*** SOURCE DATA ***

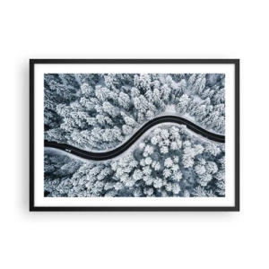 Poster in een zwarte lijst - Door het winterbos - 70x50 cm
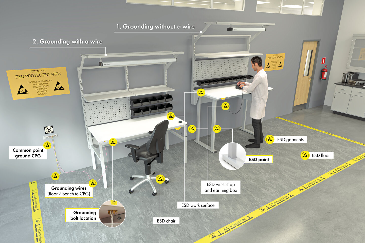 Grounding options in our standard workstations - a smart starting point for tailored ESD workstation solutions
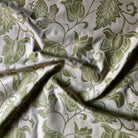Double cloth fabric with tropical vine design in green against an eggshell white background.
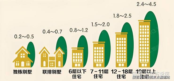 一般高层小区容积率为2.5~3.5,而超高层小区可去到4.5~6,甚至现在深圳还有容积率超过10的超高层小区。
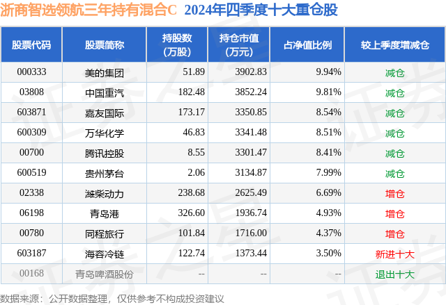 对本季度基金运作,基金经理的观点如下:我们采用自下而上的选股方式构建组合,对优质公司搭建资产定价模型,选择隐含收益率较高的个股。股票组合体现了在管基金经理的研究思考和研究团队的共同智慧。组合不偏向特定的行业,运作相对均衡。我们期望以合理安全边际买入、较高集中度持仓、较低换手率实现收益目标。对于涨幅远超内在价值的股票,我们会遵守纪律减仓。 u3000u3000本季度,我们维持股票高仓位运作,因为我们判断持仓公司的隐含收益率仍可期待。报告期末,我们前十大重仓占股票持仓的比例约80%,体现出我们价值投资、集中持仓的风格。整体来说我们对港股更有信心,因为可选出一批估值更低、成长性亦可观的可投公司,所以我们港股持仓比例较高。 u3000u3000本季度,股票前十位重仓公司没有变化。我们的交易主要基于我们对公司内在价值的判断,我们基于绝对定价做有纪律的买卖。我们主要的精力投入在公司护城河、资本配置、内在价值的研究上,并相信公司的价值创造是股东回报的本源。随着时间跨越到2025年,我们持仓公司的内在价值有望实现内生式增长,因此隐含收益率进一步提升。 u3000u3000经济层面,中短期来看,以旧换新等系列刺激政策对提升居民购买力有所裨益,但我们相信关键点仍在收入预期和家庭资产负债表的修复。尽管内需面临压力,但我们相信危中有机,房地产下行带动的户籍制度松绑极大地消除了生产要素流动的障碍,为中长期的经济增长打开空间。外销方面,我们欣喜地看到中国公司在更多的海外国家和领域获取市场份额和影响力,我们对这些全球公司的长期增长充满期待。 u3000u3000截止2024年底,我已独立管理智选领航约一年半的时间,感谢投资人持久的坚持,希望能通过价值投资的实践来达成投资人和管理人的相互成就。
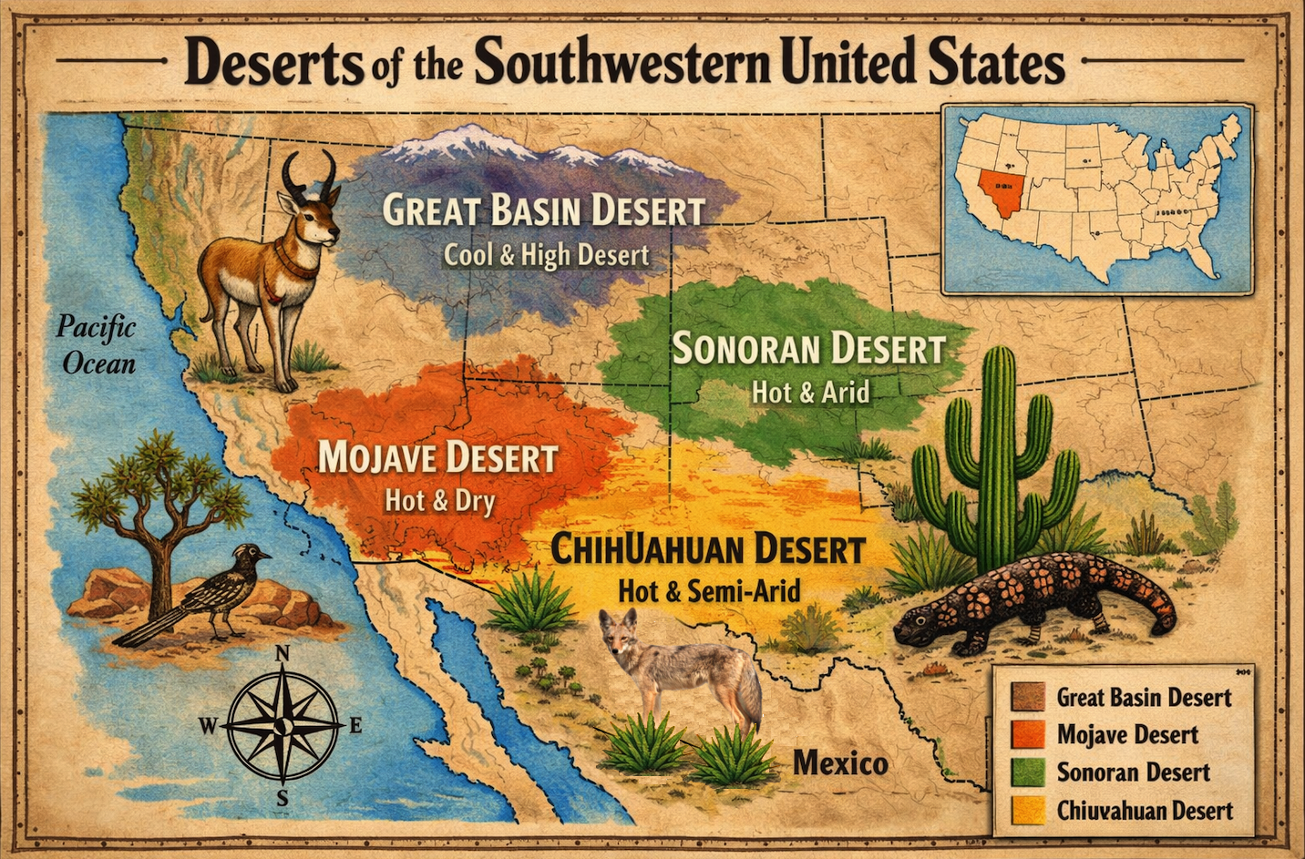 What makes the Mojave especially dry isn’t just bad luck—it’s geography. Mountain ranges like the Sierra Nevada block moisture from the Pacific, creating a “rain shadow” that leaves Nevada parched. Rivers are scarce, lakes are often dry, and even the few waterways that exist tend to disappear underground. It’s a landscape where water shows up briefly… and then vanishes like a magician’s assistant.
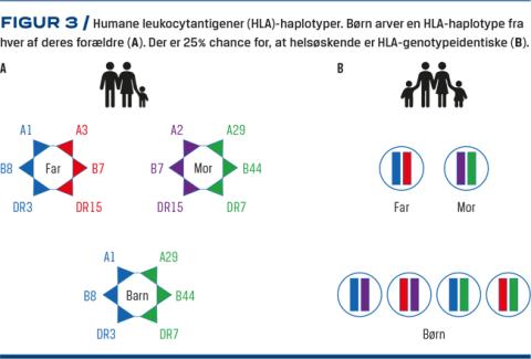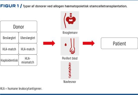 Ved en allogen hæmatopoietisk stamcelletransplantation (HCT) overfører man hæmatopoietiske stamceller fra en rask donor til en patient (Figur 1). Denne behandling kan være livreddende eller helbredende for patienter med hæmatologiske neoplasier, knoglemarvssvigt, medfødte defekter i immunsystemet, enzymdefekter i metabolismen eller hæmoglobinopati. Donoren kan være beslægtet eller ubeslægtet med patienten, og det transplanterede stamcelleprodukt kan høstes fra donorens knoglemarv, perifere blod efter knoglemarvsstimulerende mobilisering eller fra navlesnoren [1]. Antallet af allogene HCT var i 2019 mere end 21.000 internationalt [2, 3] og ca. 150 i Danmark. En succesfuld transplantation kræver, at donorvalget er baseret på præcise undersøgelser af den individuelle immungenetik i form af vævstyper (humane leukocytantigener (HLA)), der skal ligne hinanden mest muligt hos patient og donor [4]. Donorvalget er således et eksempel på anvendt personlig medicin.
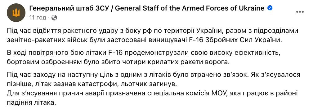 До цього телеканал CNN з посиланням на джерело в українському військовому відомстві повідомив про катастрофу літака F-16 та смерть провідного українського пілота з позивним "Мунфіш" Олексія Меся.
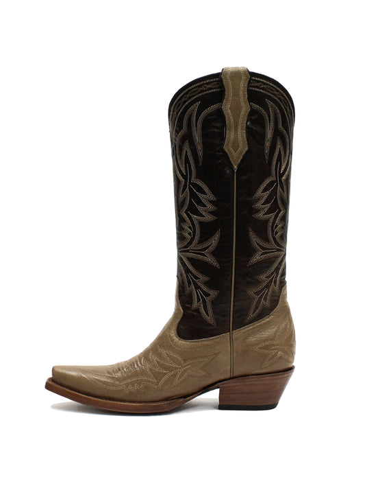 Western Embroidery Snip-Toe Classic Mid Calf Cowgirl Boots – Chocolate/Khaki

*** End of SOURCE DATA ***

» AIM OF THE EXERCISE
Please output each line above exactly and omit all images.

» SOLVED PROBLEM
 Poster in een zwarte lijst - Door het winterbos - 70x50 cm
 Grounding options in our standard workstations - a smart starting point for tailored ESD workstation solutions
Double cloth fabric with tropical vine design in green against an eggshell white background.
 一般高层小区容积率为2.5~3.5,而超高层小区可去到4.5~6,甚至现在深圳还有容积率超过10的超高层小区。
 对本季度基金运作,基金经理的观点如下:我们采用自下而上的选股方式构建组合,对优质公司搭建资产定价模型,选择隐含收益率较高的个股。股票组合体现了在管基金经理的研究思考和研究团队的共同智慧。组合不偏向特定的行业,运作相对均衡。我们期望以合理安全边际买入、较高集中度持仓、较低换手率实现收益目标。对于涨幅远超内在价值的股票,我们会遵守纪律减仓。 u3000u3000本季度,我们维持股票高仓位运作,因为我们判断持仓公司的隐含收益率仍可期待。报告期末,我们前十大重仓占股票持仓的比例约80%,体现出我们价值投资、集中持仓的风格。整体来说我们对港股更有信心,因为可选出一批估值更低、成长性亦可观的可投公司,所以我们港股持仓比例较高。 u3000u3000本季度,股票前十位重仓公司没有变化。我们的交易主要基于我们对公司内在价值的判断,我们基于绝对定价做有纪律的买卖。我们主要的精力投入在公司护城河、资本配置、内在价值的研究上,并相信公司的价值创造是股东回报的本源。随着时间跨越到2025年,我们持仓公司的内在价值有望实现内生式增长,因此隐含收益率进一步提升。 u3000u3000经济层面,中短期来看,以旧换新等系列刺激政策对提升居民购买力有所裨益,但我们相信关键点仍在收入预期和家庭资产负债表的修复。尽管内需面临压力,但我们相信危中有机,房地产下行带动的户籍制度松绑极大地消除了生产要素流动的障碍,为中长期的经济增长打开空间。外销方面,我们欣喜地看到中国公司在更多的海外国家和领域获取市场份额和影响力,我们对这些全球公司的长期增长充满期待。 u3000u3000截止2024年底,我已独立管理智选领航约一年半的时间,感谢投资人持久的坚持,希望能通过价值投资的实践来达成投资人和管理人的相互成就。
 What makes the Mojave especially dry isn’t just bad luck—it’s geography. Mountain ranges like the Sierra Nevada block moisture from the Pacific, creating a “rain shadow” that leaves Nevada parched. Rivers are scarce, lakes are often dry, and even the few waterways that exist tend to disappear underground. It’s a landscape where water shows up briefly… and then vanishes like a magician’s assistant.
 Ved en allogen hæmatopoietisk stamcelletransplantation (HCT) overfører man hæmatopoietiske stamceller fra en rask donor til en patient (Figur 1). Denne behandling kan være livreddende eller helbredende for patienter med hæmatologiske neoplasier, knoglemarvssvigt, medfødte defekter i immunsystemet, enzymdefekter i metabolismen eller hæmoglobinopati. Donoren kan være beslægtet eller ubeslægtet med patienten, og det transplanterede stamcelleprodukt kan høstes fra donorens knoglemarv, perifere blod efter knoglemarvsstimulerende mobilisering eller fra navlesnoren [1]. Antallet af allogene HCT var i 2019 mere end 21.000 internationalt [2, 3] og ca. 150 i Danmark. En succesfuld transplantation kræver, at donorvalget er baseret på præcise undersøgelser af den individuelle immungenetik i form af vævstyper (humane leukocytantigener (HLA)), der skal ligne hinanden mest muligt hos patient og donor [4]. Donorvalget er således et eksempel på anvendt personlig medicin.
 До цього телеканал CNN з посиланням на джерело в українському військовому відомстві повідомив про катастрофу літака F-16 та смерть провідного українського пілота з позивним "Мунфіш" Олексія Меся.
 Western Embroidery Snip-Toe Classic Mid Calf Cowgirl Boots – Chocolate/Khaki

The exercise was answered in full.